# Other Places Around The World > Europe Travel General Discussion >  >  Frankfurt and beyond

## JEK

Leaving today for a long business trip (25 nights) in Germany and the Middle East. Should be interesting to say the least. PM me if you want to follow along on my blog.

----------


## andynap

Bon voyage

----------


## tim

Jean,

Transferring in Frankfurt airport can be a real pain.  Best of luck!

----------


## JEK

> Jean,
> 
> Transferring in Frankfurt airport can be a real pain.  Best of luck!

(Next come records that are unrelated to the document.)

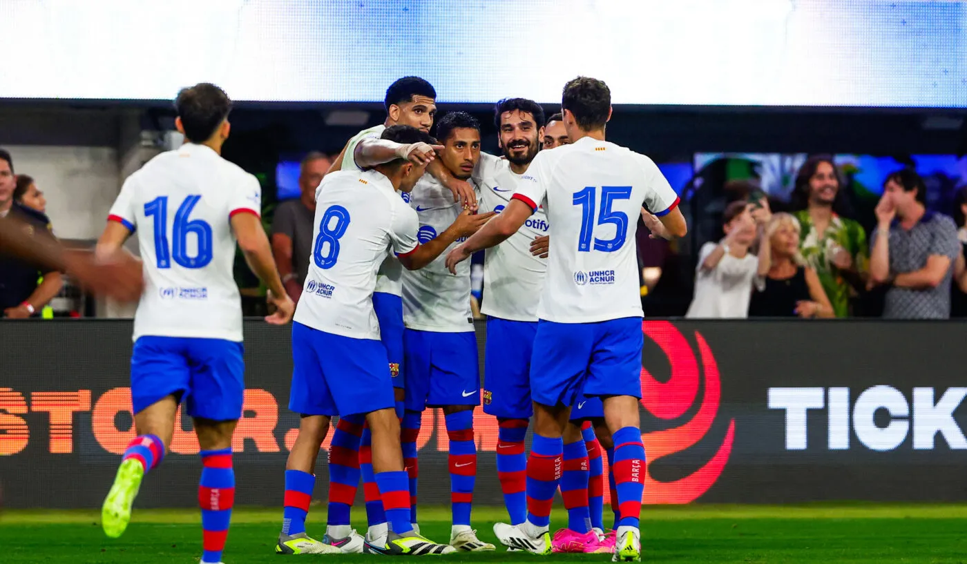Le Barça a corrigé son grand rival, le Real Madrid, lors d’un amical de prestige organisé au Texas (3-0). Un score très flatteur. Les hommes de Xavi ont attaqué pied au plancher, la volée d’Oriol Romeu venant fracasser la barre (4e). Trouvé par une passe lumineuse de Pedri, Ousmane Dembélé a ensuite transpercé Thibaut Courtois en décochant une frappe croisée surpuissante (1-0, 15e). Le Français a bénéficié d’un cadeau invraisemblable de Ferland Mendy pour s’offrir une nouvelle balle de but, mais le portier belge a remporté son face-à-face (41e). Le Real a aussi eu des munitions, et non des moindres. La main de Ronald Araujo a offert un penalty à la Maison-Blanche, que Vinicius a envoyé sur la transversale (20e). Le parfait résumé de la soirée du Brésilien, qui a touché la barre deux autres fois (39e, 87e).
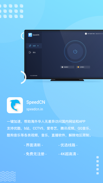 一键开启SpeedCN 加速,看片追剧告别卡顿,流畅追剧。
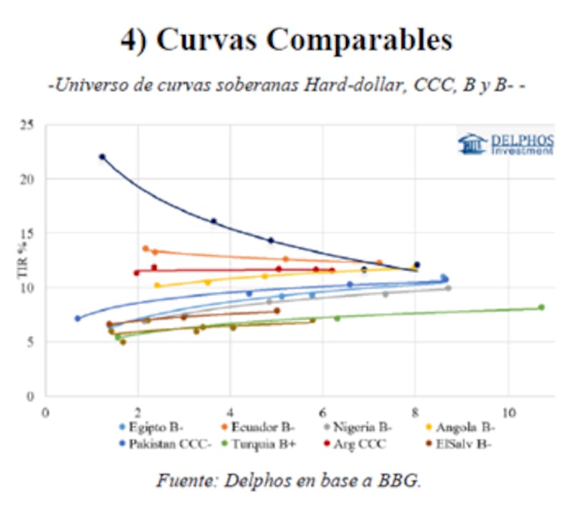 Sobre el futuro de la curva soberana de cara a las elecciones, desde Delphos entienden que los fundamentos del país son suficientes para que la deuda se negocie cerca de una calificación B-.
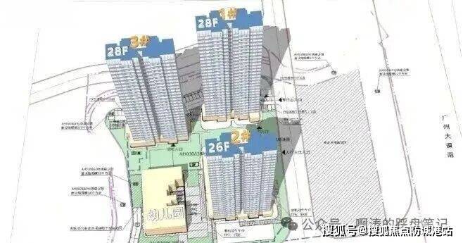 广府萬宸是中海在广州的首个萬字系,甚至可能是全国第一座。一共规划了3栋住宅,全都是南北对流的板楼,每栋26-28层不等,预计全盘货量150套左右。全盘只做了一个户型——约165平四房,因此圈层非常纯粹,不存在大户型和小户型混住的情况。
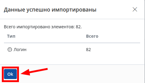 - Должно появится сообщение об успешном импорте данных. Далее нужно нажать "Ок":
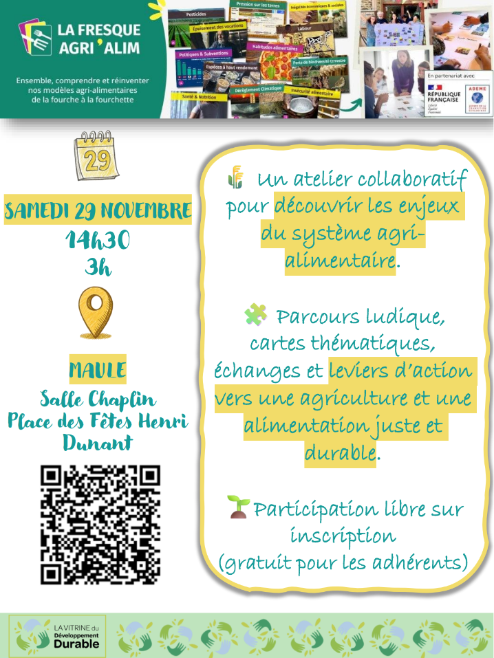 🌱 Venez curieux, repartez inspirés ! Lien vers inscription : https://www.helloasso.com/associations/la-vitrine-du-developpement-durable/evenements/fresque-agri-alim
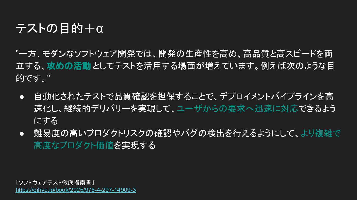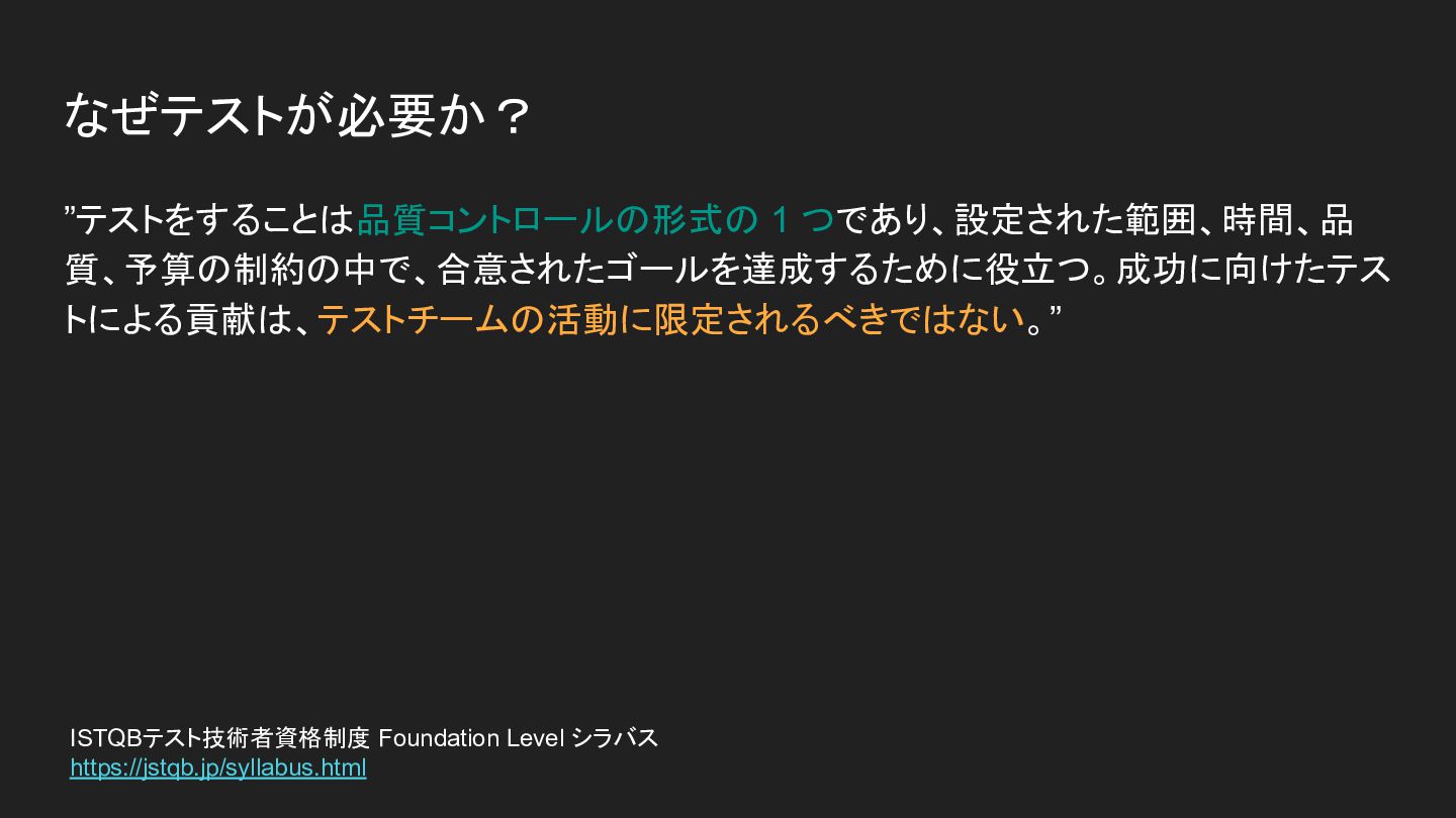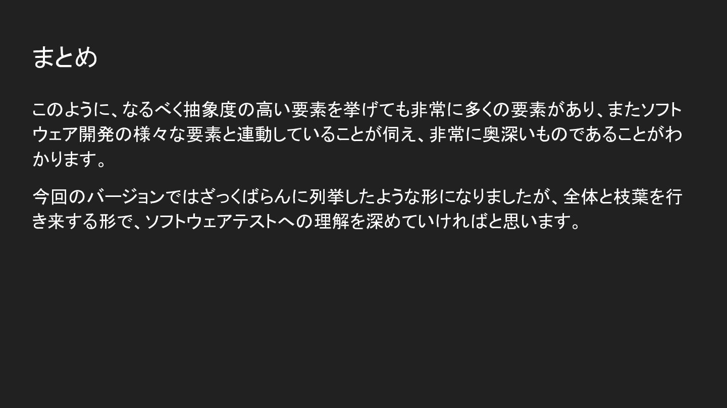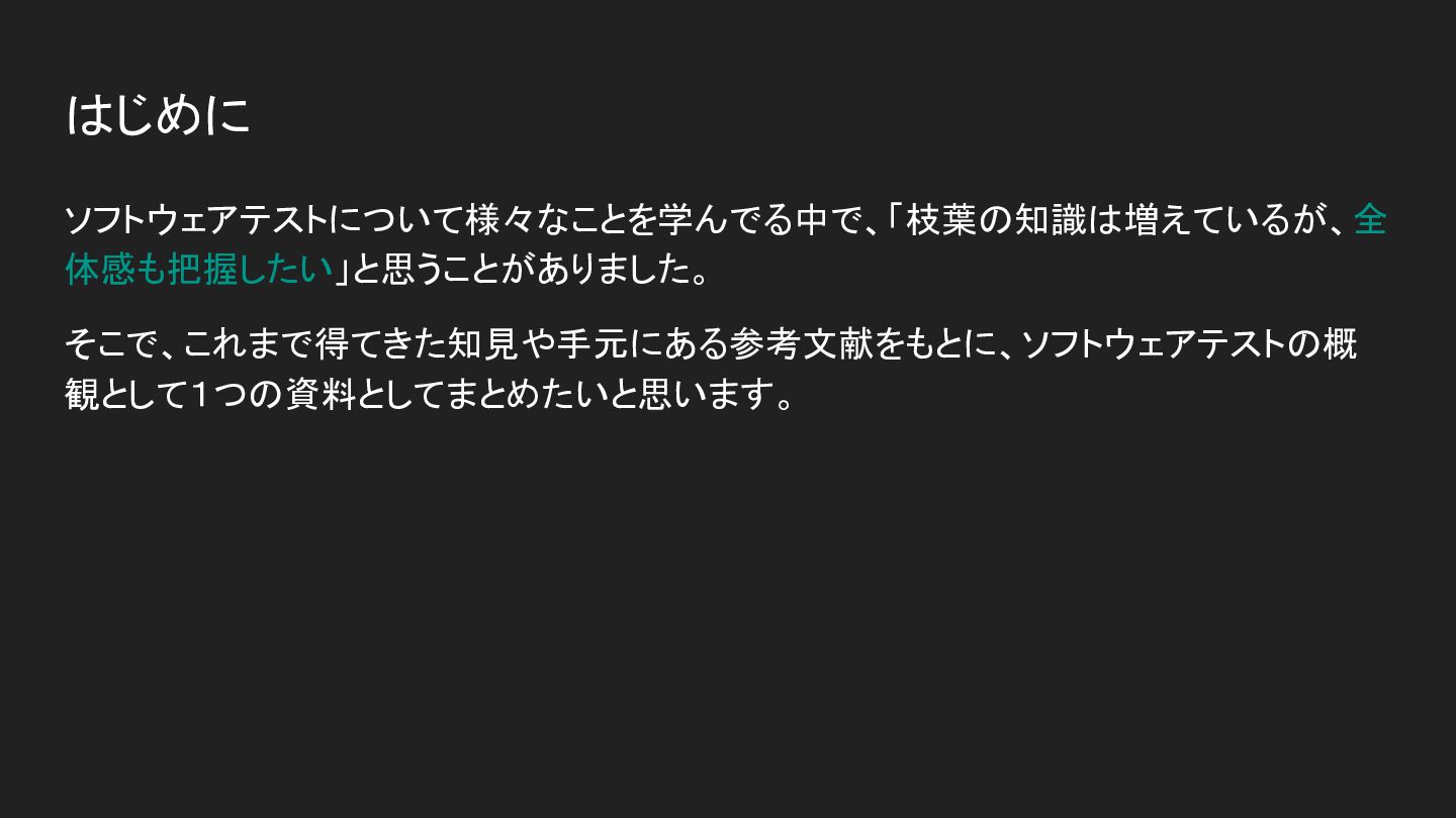 ソフトウェアテストについて様々なことを学んでる中で、「枝葉の知識は増えているが、全体感も把握したい」と思うことがありました。 そこで、これまで得てきた知見や手元にある参考文献をもとに、ソフトウェアテストの概観として1つの資料としてまとめたいと思います。

I was stopping in Frankfurt and found that to be challenging too! I've been all over the world and found the baggage claim without asking -- except this morning :-)

----------


## JEK

Heading back to the US of A on Sunday, but wanted to share this side trip to Heidelberg and the Rhine from yesterday. A perfect day of 21 degrees and bright sun.
A magical experience!

 


Web site of more images. 


Note the Rhine current running at about 5-6 knots in one of the shots.

----------


## andynap

Hillside farming at its extreme.

----------


## bto

21 degrees?  Brrrrrr......beautiful scenery...merci.

----------


## Dennis

I think that's celsius...?

----------


## JEK

> I think that's celsius...?



Ja voll!

----------


## tim

> Hillside farming at its extreme.



Those are truly some magical photos!

----------


## phil62

I too am grateful to the forum travelers like JEK who share their photos and get me to places I have yet to go. Of course I never tire of photos from St Barths. Keep up the good work! Amy

----------